Синьора Семирамида
Резкие колоратуры разбудили меня. Я открыл глаза и увидел плавно покачивающуюся каюту. Волны бились где-то за стеной.
Да, я помню… Вчера, я пережил ужасный приступ морской болезни. Силы меня покинули, и, похоже, я, то ли долго спал, то ли лежал без сознания.… Но, откуда это навязчивое пение?
Я прислушался, и, будучи любителем оперы, тотчас различил, что это героический тенор, и, наверняка оперный, иначе, зачем бы он выводил такие странные, неприличествующие мужскому голосу колоратуры и трели? Голос мне не понравился – он был несколько грубоватый и «задушенный». Таким голосом хорошо исполнить за кружкой пива студенческую песню, но никак не итальянскую арию.
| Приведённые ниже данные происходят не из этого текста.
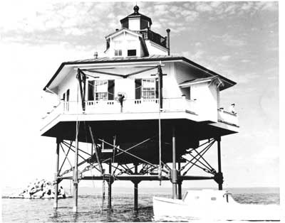 The people in the boat were taking a chance underneath the privy at Sharkfin Shoal Lighthouse in 1972. Perhaps they saw the keeper standing at the railing and knew the privy was not in use. The Sharkfin Shoal Lighthouse was established in 1892 and stood in the Chesapeake Bay, Maryland. It no longer stands. Back to the edition of: November 2008
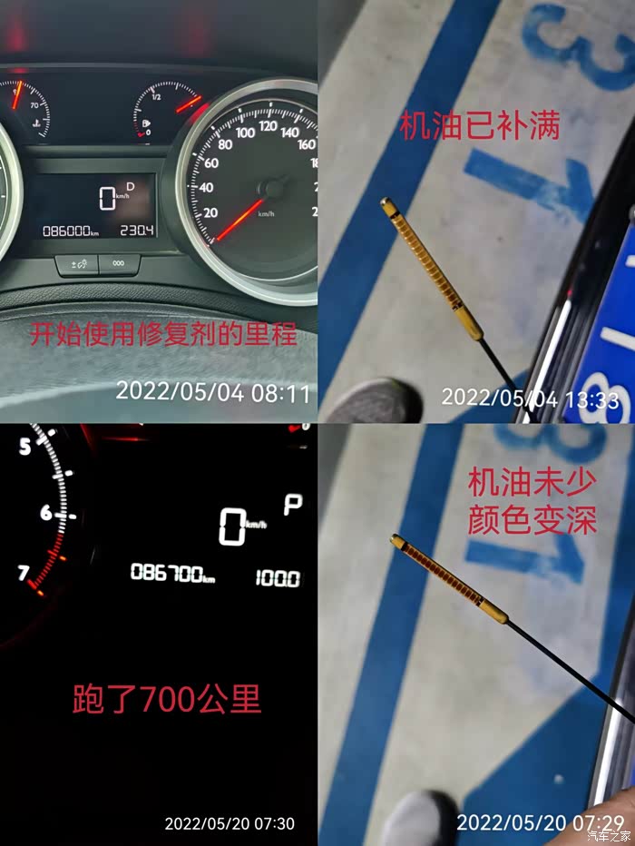 早上冷车检查,机油未少。但是有股汽油味,应该是修复剂渗透到活塞环清理积碳后,部分含有修复剂的汽油渗到机油里面了,所以机油一直显示未少。
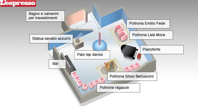 Andiamo con ordine. C frequenta i locali che contano per farsi notare: “A Milano ci sono dei locali frequentati abitualmente da quel giro”, racconta, “ristoranti come Giannino e Il Bolognese, club come l’Hollywood e il Just Cavalli”. Una sera, racconta, un imprenditore del settore auto di lusso le dice: “Ti faccio conoscere lui”. Lei non ci crede finché non succede davvero. Dopo la cena, condita da regali, si scende nella sala. Sulla destra – dice l’Espresso – c’è la statua di un cavallo azzurro a grandezza naturale, posizionata vicino al bancone del bar. Una porta laterale si apre verso la piscina. Al centro del locale è piantato il palo da lap dance, intorno ci sono le poltrone e un pianoforte. “Sul lato sinistro – dice C – erano seduti Lele Mora ed Emilio Fede, Berlusconi stava di fronte al palo, su una poltrona bianco panna”. Poi comincia il divertimento: “Vestite da poliziotte e infermiere sexy ballavano, si toccavano, si baciavano e di tanto in tanto si avvicinavano a Berlusconi. Che a sua volta le toccava e le baciava senza dire nulla, come per testarle”. Dopo un po’ C ne avrà abbastanza “vista la piega” da tornarsene a casa. Non così, dicono le carte, la penseranno altre ragazze.
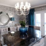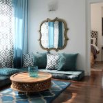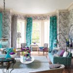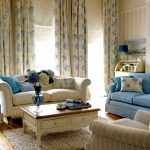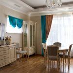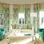 Les cortines de color turquesa combinades amb volants daurats o marró beix a la part inferior del llenç decoraran l’interior de la sala d’estar d’una manera original. Les gruixudes cortines de color blau fosc seran molt més originals amb un volant curt curt fet del mateix teixit, adornat amb vellut o trena clara.
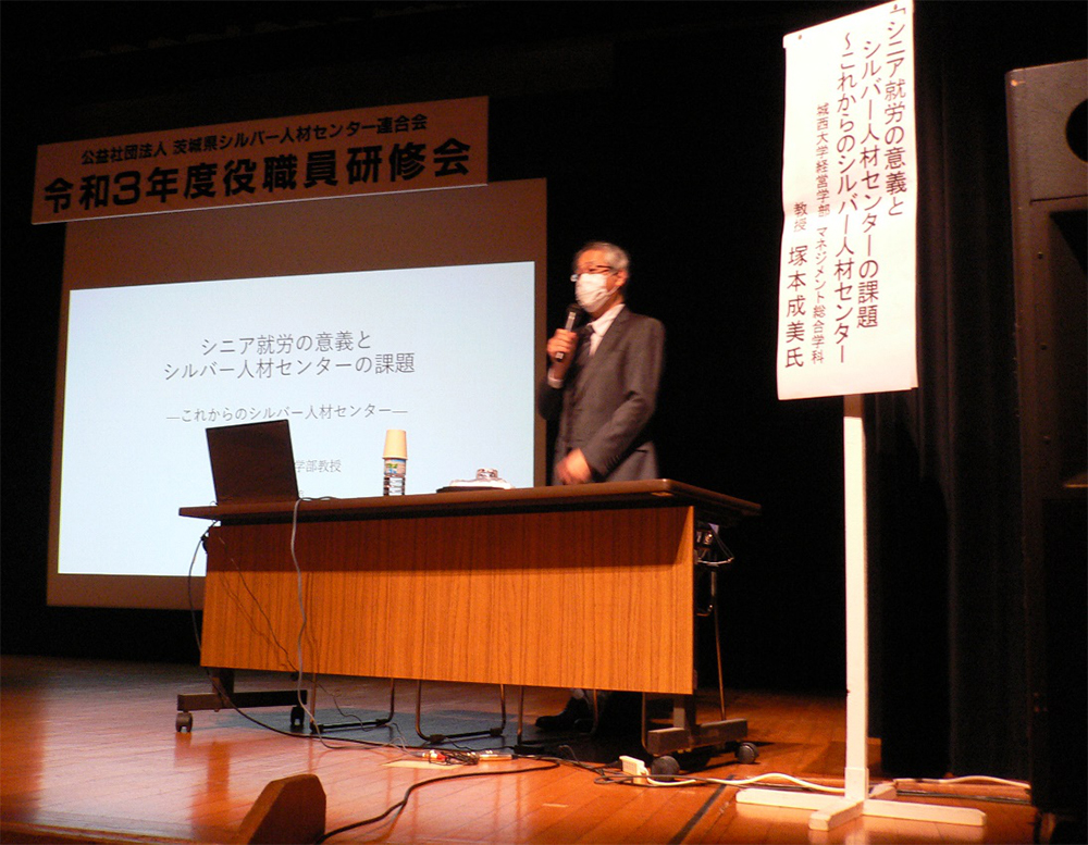 コロナ感染防止のため入場者数を制限し、各シルバー人材センターから理事長、理事をはじめ100名の皆様にご出席をいただき、城西大学経営学部 塚本成美教授による「シニア就労の意義とシルバー人材センターの課題~これからのシルバー人材センター」の講演、続いて公益社団法人草加市シルバー人材センター(埼玉県)の岡田卓也事務局長による「会員拡大の推進事例について」のDVD放映が行われました。高齢者と仕事を地域の中で結びつける組織としてのシルバー人材センター活動の意義について、改めて認識することができたのではと思います。

Я и музыку узнал – да, это ария Идрено из «Семирамиды». Ария эта мало мне нравилась, и, поэтому, я закрыл глаза и постарался заснуть. Но, нет! Точно груда мельчайших стеклянных осколков обрушилась мне на голову – сопрано присоединилось к тенору. Волей-неволей пришлось вставать. Одеваясь, я бранил всех и вся, кто испортил мне утро: судостроителя, выдумавшего корабль с такими тонкими стенами, штурмана, не спасавшего пассажиров от качки, этих певцов, вздумавших упражняться в такое время….
Вконец разозлённый, я вышел на палубу. Пряный ветерок освежил меня, но в душе накопилось уже столько яду, что я набросился на вахтенного, сонного молодого человека:
- Ради бога, объясните мне, откуда здесь взялись оперные певцы?!
- Я ничего не знаю, синьор, - робко зашептал вахтенный, - спросите у капитана…
Мне пришлось обежать весь корабль, и когда я увидел капитана, который безмятежно курил, глядя за горизонт, у меня дрожали челюсти. А ноги подкашивались.
В сотый раз повторил я вопрос, но капитан оказался тугоух. Правда, после того, как я со всей крикнул, глядя на него, капитан ответил:
- Не кричите, я не глухой. Что же касается вашего вопроса, то вчера вечером мы взяли на борт труппу театра «Арджентина». Вместе с вами они высадятся в Неаполе.
- Значит, я должен слушать их репетиции ещё три недели!? – распалился я.
Капитан смерил меня холодным взором и прибавил.
- Помните, вы не один на корабле.
Я чувствовал себя униженным, а пассажиры просыпались один за другим, выходили подышать свежим воздухом, но не выдерживали качки и убегали обратно в каюты.
Облокотившись на перила, я бездумно стал смотреть на море. Судя по пышной растительности покрывавшей частые острова, тёплому воздуху, и зеленовато голубому морю, я понял, что мы плывём по Тихому океану.
- Не сердитесь! – услышал я примеряющее шутливый голос капитана, – глупо сердится в такое чудное утро.
Я обернулся. Сквозь табачный дым сверкали маленькие его глаза.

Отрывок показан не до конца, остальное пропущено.